(Beginning of Input)
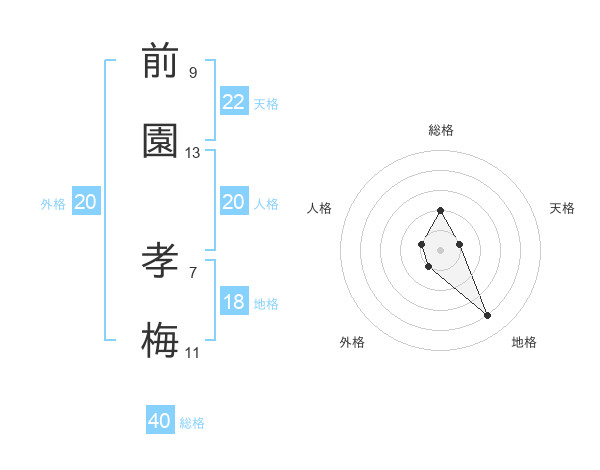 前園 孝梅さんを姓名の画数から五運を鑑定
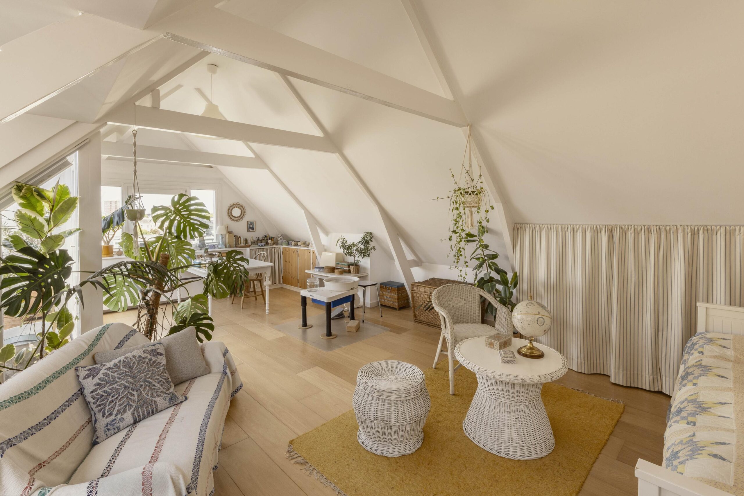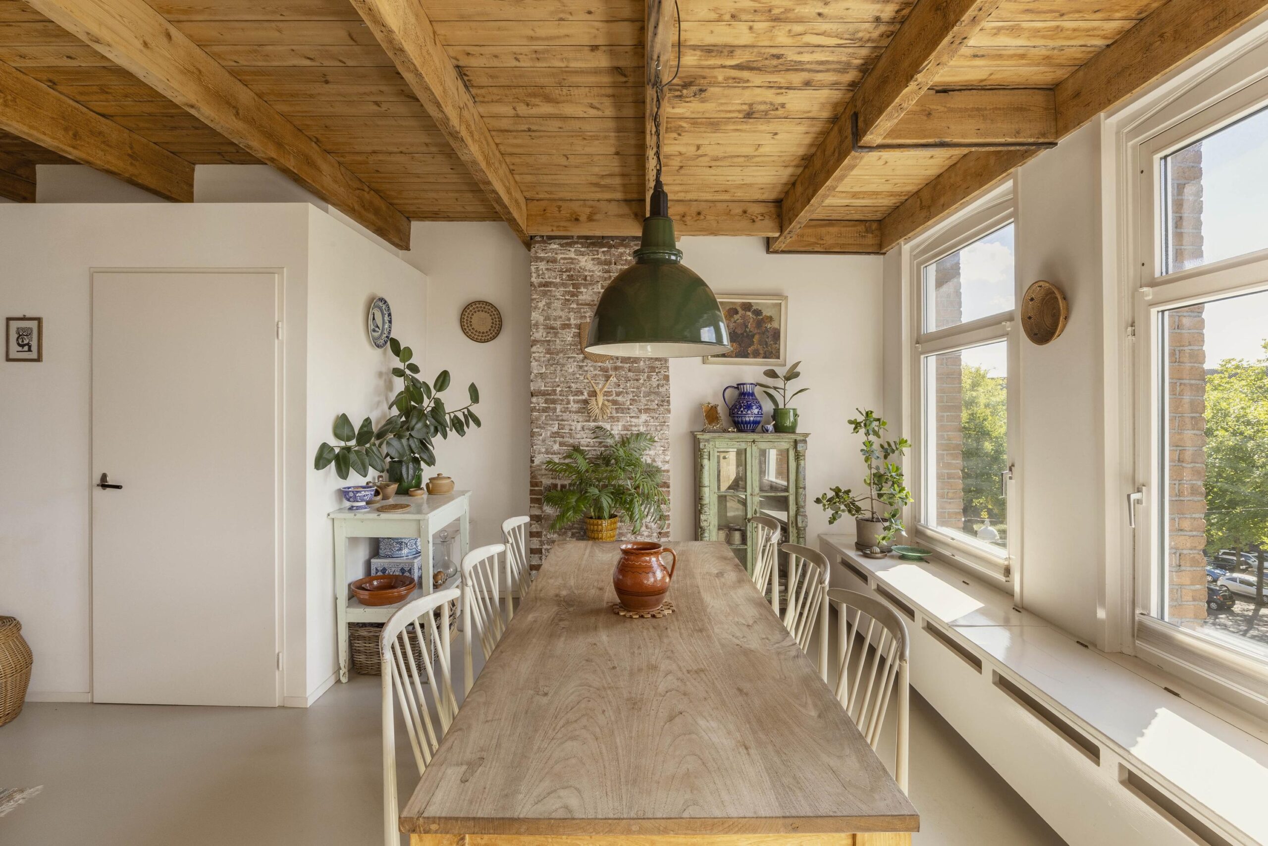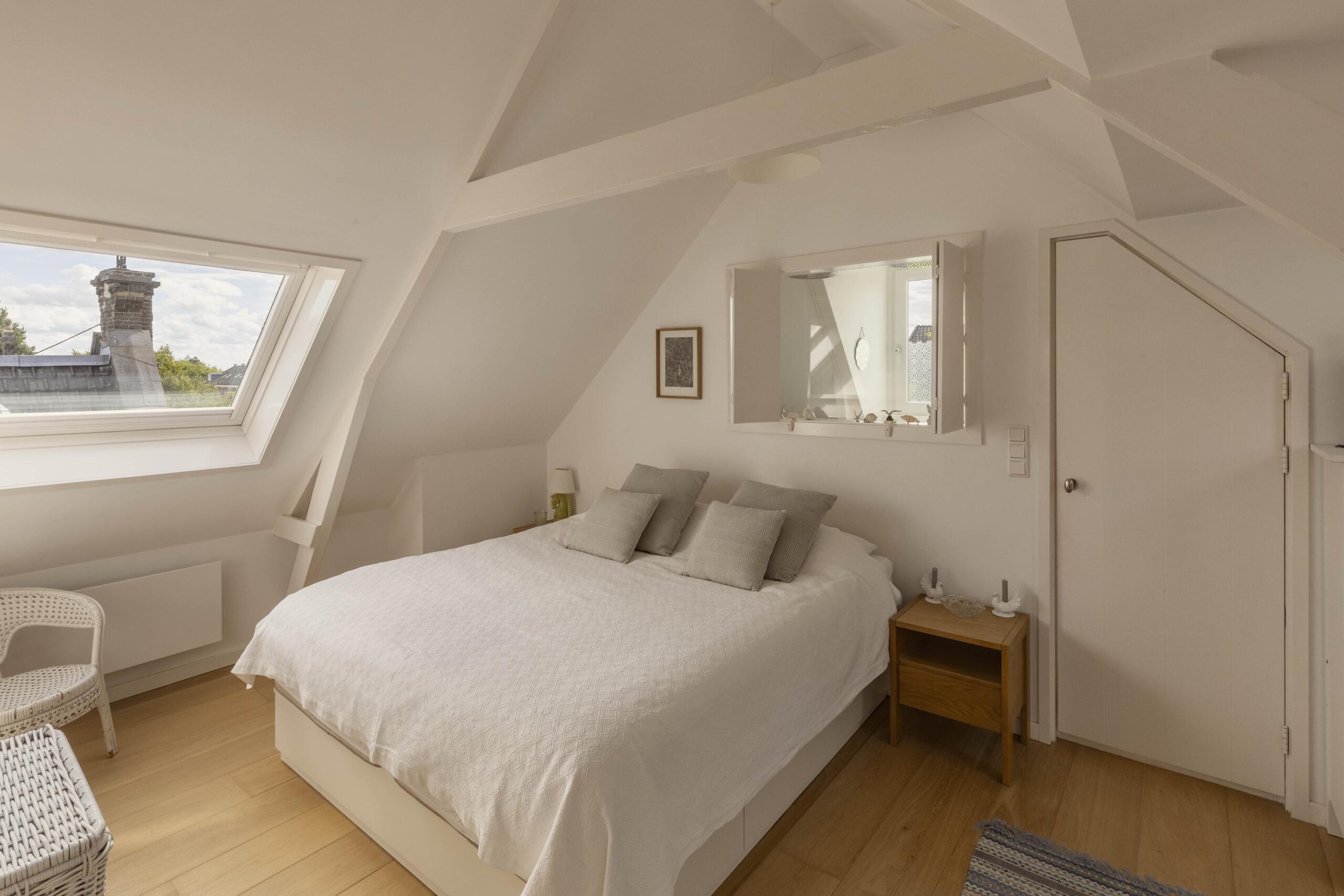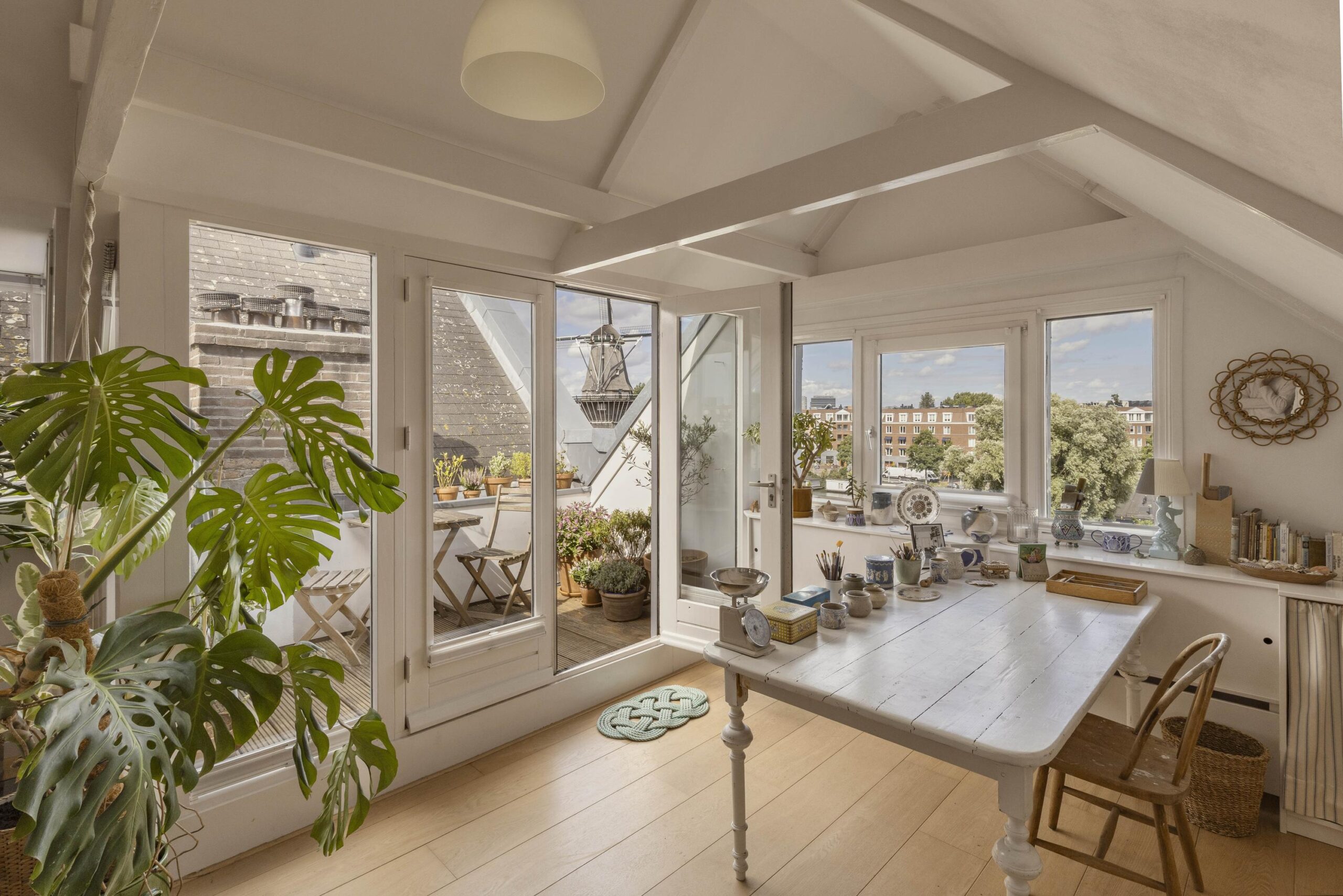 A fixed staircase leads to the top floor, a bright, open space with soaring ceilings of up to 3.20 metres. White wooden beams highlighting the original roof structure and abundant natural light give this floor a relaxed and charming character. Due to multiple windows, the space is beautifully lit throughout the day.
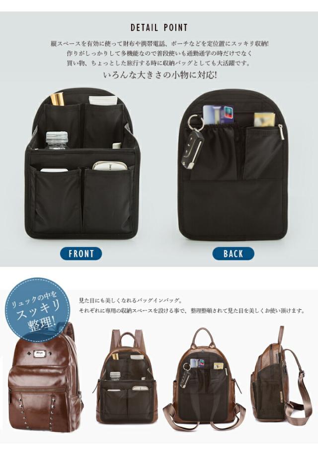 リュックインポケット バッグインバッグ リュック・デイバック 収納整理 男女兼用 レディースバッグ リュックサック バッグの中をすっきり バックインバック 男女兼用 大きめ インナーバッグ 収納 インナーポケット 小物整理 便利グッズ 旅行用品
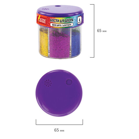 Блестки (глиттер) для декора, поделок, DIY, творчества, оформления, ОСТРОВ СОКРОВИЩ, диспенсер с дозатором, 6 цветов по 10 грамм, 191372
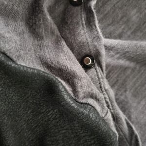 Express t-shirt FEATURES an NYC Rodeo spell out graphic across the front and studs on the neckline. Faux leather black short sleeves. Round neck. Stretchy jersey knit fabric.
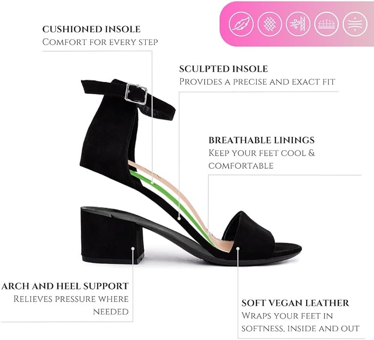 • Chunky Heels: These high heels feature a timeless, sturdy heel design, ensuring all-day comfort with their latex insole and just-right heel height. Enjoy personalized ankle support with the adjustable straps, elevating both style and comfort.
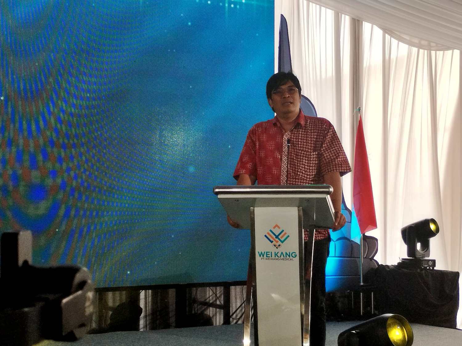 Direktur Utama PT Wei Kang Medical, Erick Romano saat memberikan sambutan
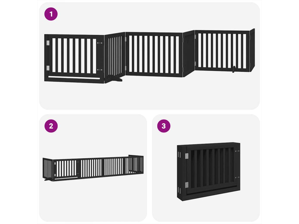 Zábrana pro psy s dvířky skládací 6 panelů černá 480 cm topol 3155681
(End of Input)
To do:
Write out the entries again, word for word. No images.

Result:
 前園 孝梅さんを姓名の画数から五運を鑑定
 A fixed staircase leads to the top floor, a bright, open space with soaring ceilings of up to 3.20 metres. White wooden beams highlighting the original roof structure and abundant natural light give this floor a relaxed and charming character. Due to multiple windows, the space is beautifully lit throughout the day.
 リュックインポケット バッグインバッグ リュック・デイバック 収納整理 男女兼用 レディースバッグ リュックサック バッグの中をすっきり バックインバック 男女兼用 大きめ インナーバッグ 収納 インナーポケット 小物整理 便利グッズ 旅行用品
 Блестки (глиттер) для декора, поделок, DIY, творчества, оформления, ОСТРОВ СОКРОВИЩ, диспенсер с дозатором, 6 цветов по 10 грамм, 191372
 Express t-shirt FEATURES an NYC Rodeo spell out graphic across the front and studs on the neckline. Faux leather black short sleeves. Round neck. Stretchy jersey knit fabric.
 • Chunky Heels: These high heels feature a timeless, sturdy heel design, ensuring all-day comfort with their latex insole and just-right heel height. Enjoy personalized ankle support with the adjustable straps, elevating both style and comfort.
 Direktur Utama PT Wei Kang Medical, Erick Romano saat memberikan sambutan
 Zábrana pro psy s dvířky skládací 6 panelů černá 480 cm topol 3155681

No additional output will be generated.